TestMarshalOffsetOf ... failed: 
    CSUnit.TestAssertFailed: Test failed: OffsetOf (6)
    at CSUnit.TestCase.Fail(String) in ./TestCase.cs:14
    at TestMarshal.TestMarshalOffsetOf() ....

Thanks to foresight by the FFOD [1], debugging the engine is far easier than most people would imagine. All it requires is for you to comment out things till stuff works and then hit on the one that you last commented [2] . The opcodes which aren't JIT converted to native code automatically fall back on the C-version which has been working on AMD64 for a couple of years now (that's what keeps my hair on my head and my stomach ulcer free). The real trick is to imagine what is happening and comment out the right one first off. So after commenting a lot of code, I finally hit on the right one (this was on 29th night, sometime near 3:30 AM). It was the following code

case COP_PWRITE_FIELD:
{
    /* Write a word field to an object */
    unsigned temp = (unsigned)CVM_ARG_BYTE;
    UNROLL_START();
    GetTopTwoWordRegisters(&unroll, &reg, &reg2,
                           MD_REG1_NATIVE | MD_REG2_32BIT);
    CheckForNull(&unroll, reg, pc, (unsigned char *)inst, 0);
    md_store_membase_word_native(unroll.out, reg2, reg, (int)temp);
    FreeTopRegister(&unroll, -1);
    FreeTopRegister(&unroll, -1);
    MODIFY_UNROLL_PC(CVM_LEN_BYTE);
}
break;

Now fastforward to saturday night, November 12th. I was bored, this was pending and valgrind wouldn't load 64 bit binaries, nor would it let me use cachegrind on the 32 bit VM (thanks to libgc's stack probes). OK, now that I have started on this whole bloody thing, the next obvious step was to figure out on what exact arguments the whole thingy goes for a toss. It turns out that it explodes to tiny bits when temp is 0. So the obvious workaround looked like this.
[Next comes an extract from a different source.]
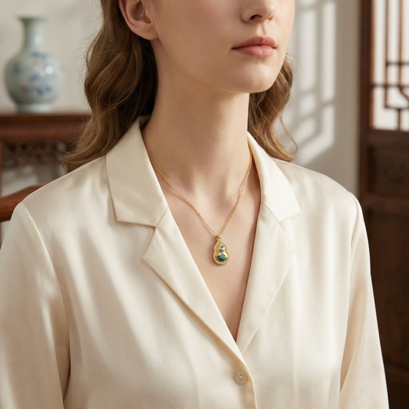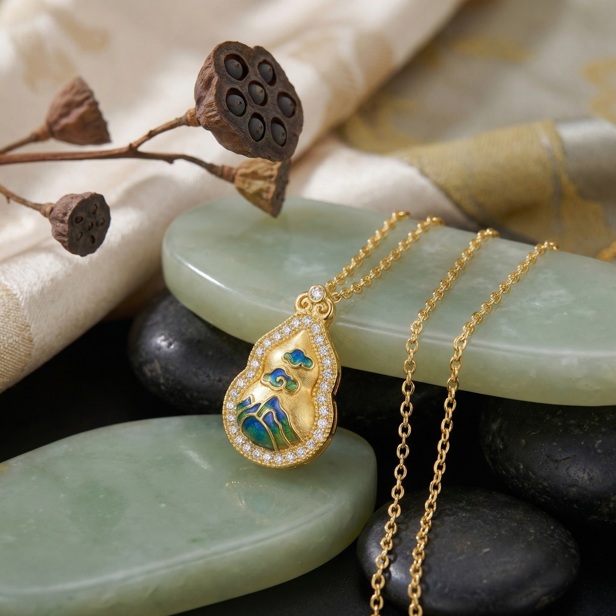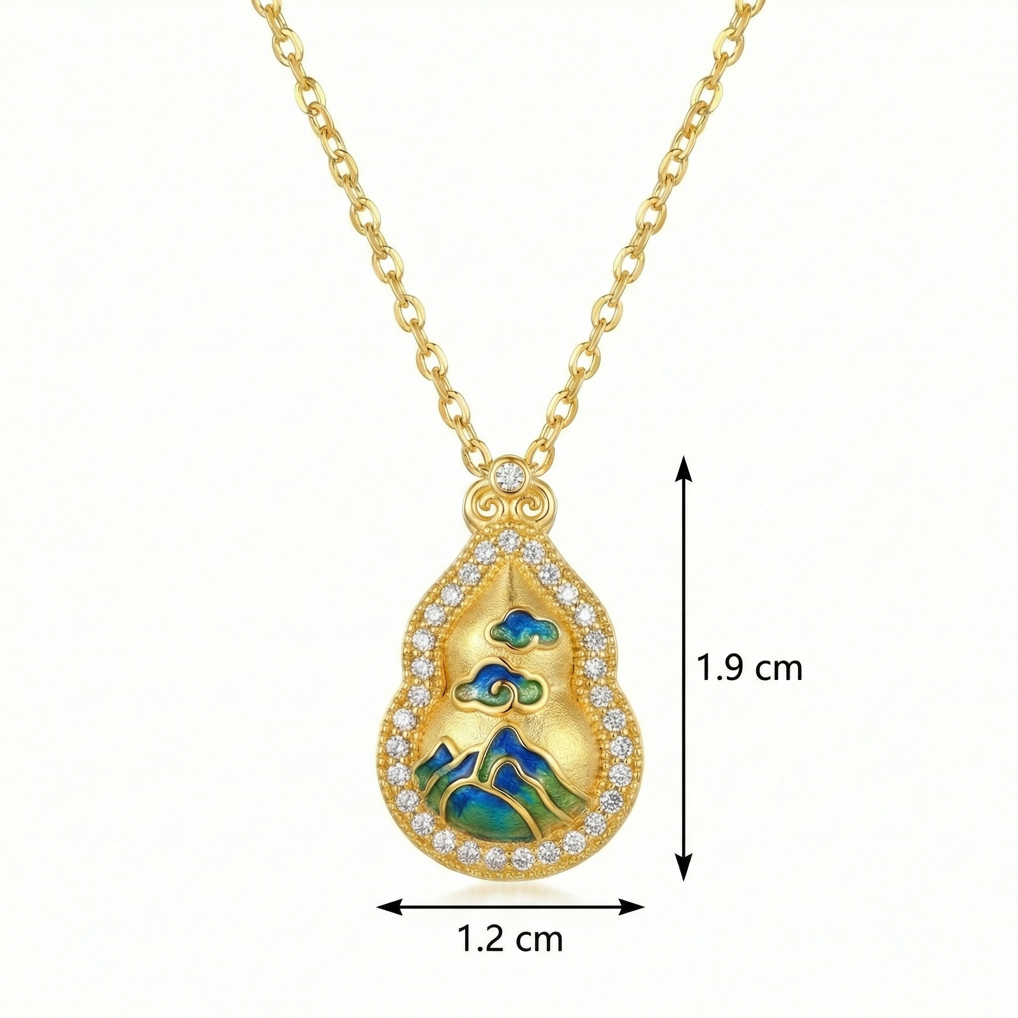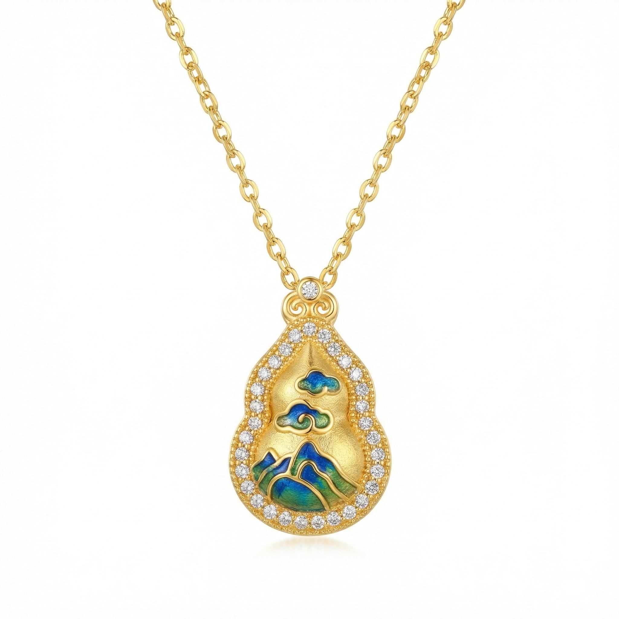 This exquisite necklace features a beautifully crafted gourd-shaped pendant, a traditional symbol of prosperity and longevity. At its heart lies a vivid landscape depicted in rich blue and green enamel, portraying majestic mountains and swirling clouds. The textured metallic surface adds depth to the design, while a halo of brilliant round-cut stones creates a radiant frame. Suspended from a classic link chain, this piece blends cultural heritage with contemporary elegance. Its intricate craftsmanship and meaningful symbolism make it a standout accessory for any occasion, offering a sophisticated touch of nature-inspired artistry to your ensemble. | Brand: jewelryodm

unsigned temp = (unsigned)CVM_ARG_BYTE;
if(temp == 0) goto defaultCase;
UNROLL_START();

But the md_store_membase_word_native was supposed to work even when displacement was zero. So I had a look at the code with gdb while in execution.

if(temp == 0) amd64_breakpoint(unroll.out);
md_store_membase_word_native(unroll.out, reg2, reg, (int)temp);

Now we have to head into assembly programming territory. But the good news is that AMD64 isn't that different from x86 at all. So this is what I do in gdb to debug code which was generated directly in binary form.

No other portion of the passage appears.